> Task to carry out:
From the line with "雨中植树忙,吉庆林添绿装!" to the line with "餐厅的用砖,也可以向厨房看齐", retype each line exactly as it stands in the records below, but skip the pictures.

> Data under study:
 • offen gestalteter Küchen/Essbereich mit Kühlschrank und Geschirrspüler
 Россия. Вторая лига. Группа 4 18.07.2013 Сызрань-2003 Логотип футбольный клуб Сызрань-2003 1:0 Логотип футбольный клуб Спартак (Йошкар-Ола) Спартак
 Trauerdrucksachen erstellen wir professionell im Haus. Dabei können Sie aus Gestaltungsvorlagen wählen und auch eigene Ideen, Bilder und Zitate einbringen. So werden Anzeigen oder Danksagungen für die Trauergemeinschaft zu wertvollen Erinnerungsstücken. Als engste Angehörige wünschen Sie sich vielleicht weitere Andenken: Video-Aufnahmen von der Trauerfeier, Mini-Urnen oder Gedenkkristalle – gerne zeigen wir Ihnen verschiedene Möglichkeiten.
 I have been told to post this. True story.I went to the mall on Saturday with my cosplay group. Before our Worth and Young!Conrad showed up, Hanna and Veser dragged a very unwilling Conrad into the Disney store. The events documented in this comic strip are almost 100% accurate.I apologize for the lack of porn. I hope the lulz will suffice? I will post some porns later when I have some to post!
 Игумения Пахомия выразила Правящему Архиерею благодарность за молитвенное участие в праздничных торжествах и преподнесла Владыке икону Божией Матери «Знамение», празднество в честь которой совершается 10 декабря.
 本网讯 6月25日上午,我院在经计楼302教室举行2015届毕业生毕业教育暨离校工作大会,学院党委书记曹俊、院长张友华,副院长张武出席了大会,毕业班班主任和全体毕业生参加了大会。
--
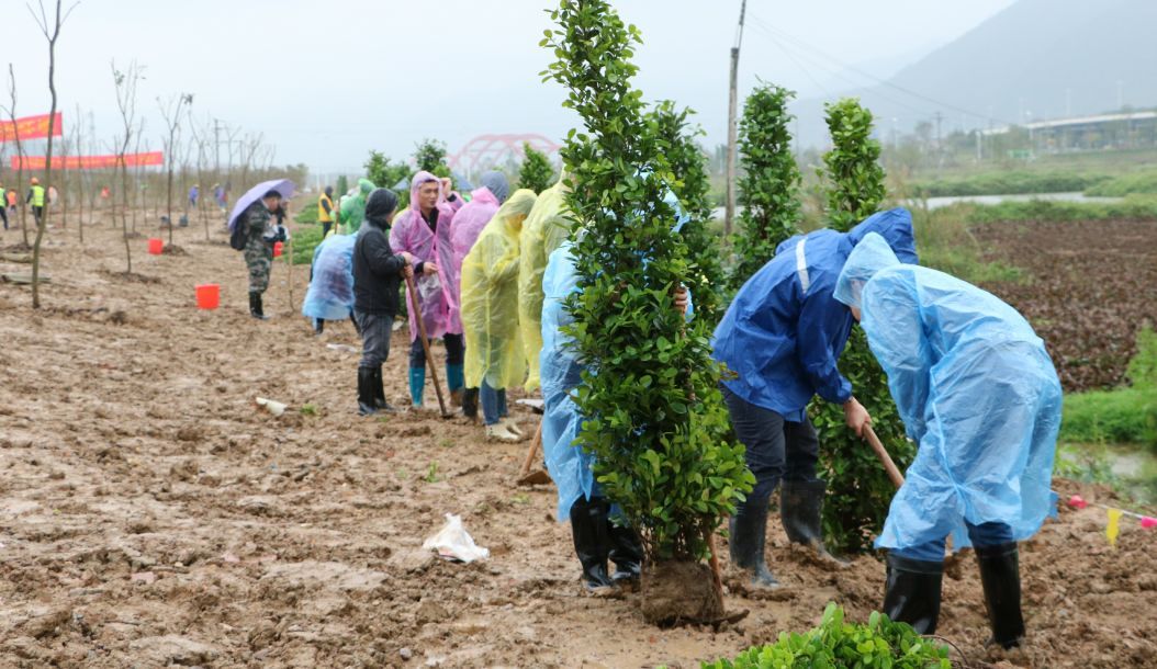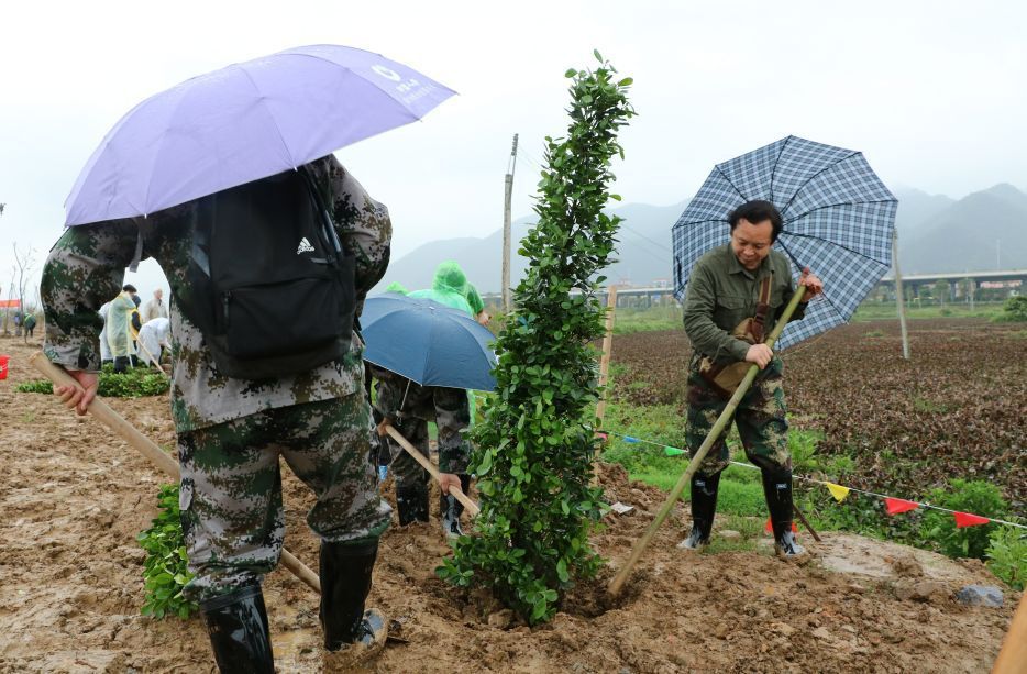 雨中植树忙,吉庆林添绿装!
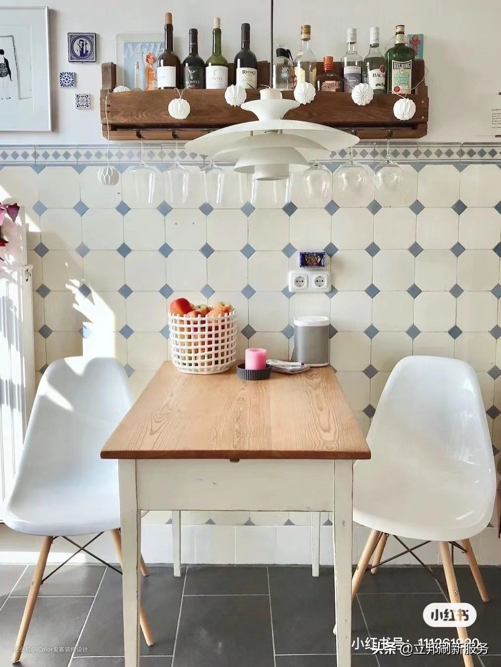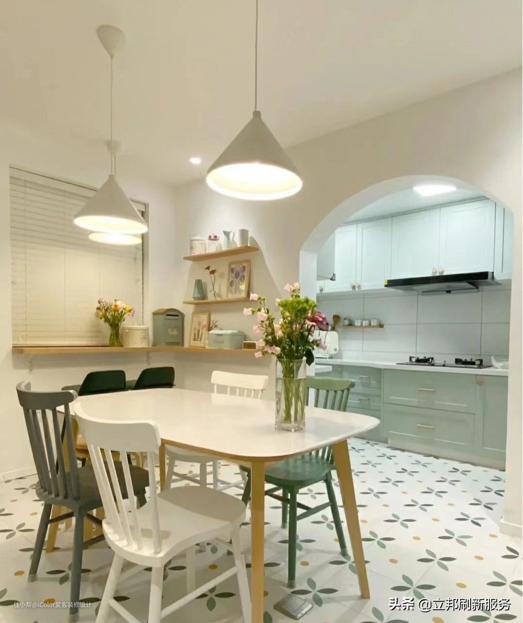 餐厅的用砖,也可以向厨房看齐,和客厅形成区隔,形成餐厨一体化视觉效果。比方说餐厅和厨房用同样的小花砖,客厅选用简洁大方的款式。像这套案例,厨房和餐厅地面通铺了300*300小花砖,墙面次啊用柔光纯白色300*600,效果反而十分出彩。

> Answer section:
 雨中植树忙,吉庆林添绿装!
 餐厅的用砖,也可以向厨房看齐,和客厅形成区隔,形成餐厨一体化视觉效果。比方说餐厅和厨房用同样的小花砖,客厅选用简洁大方的款式。像这套案例,厨房和餐厅地面通铺了300*300小花砖,墙面次啊用柔光纯白色300*600,效果反而十分出彩。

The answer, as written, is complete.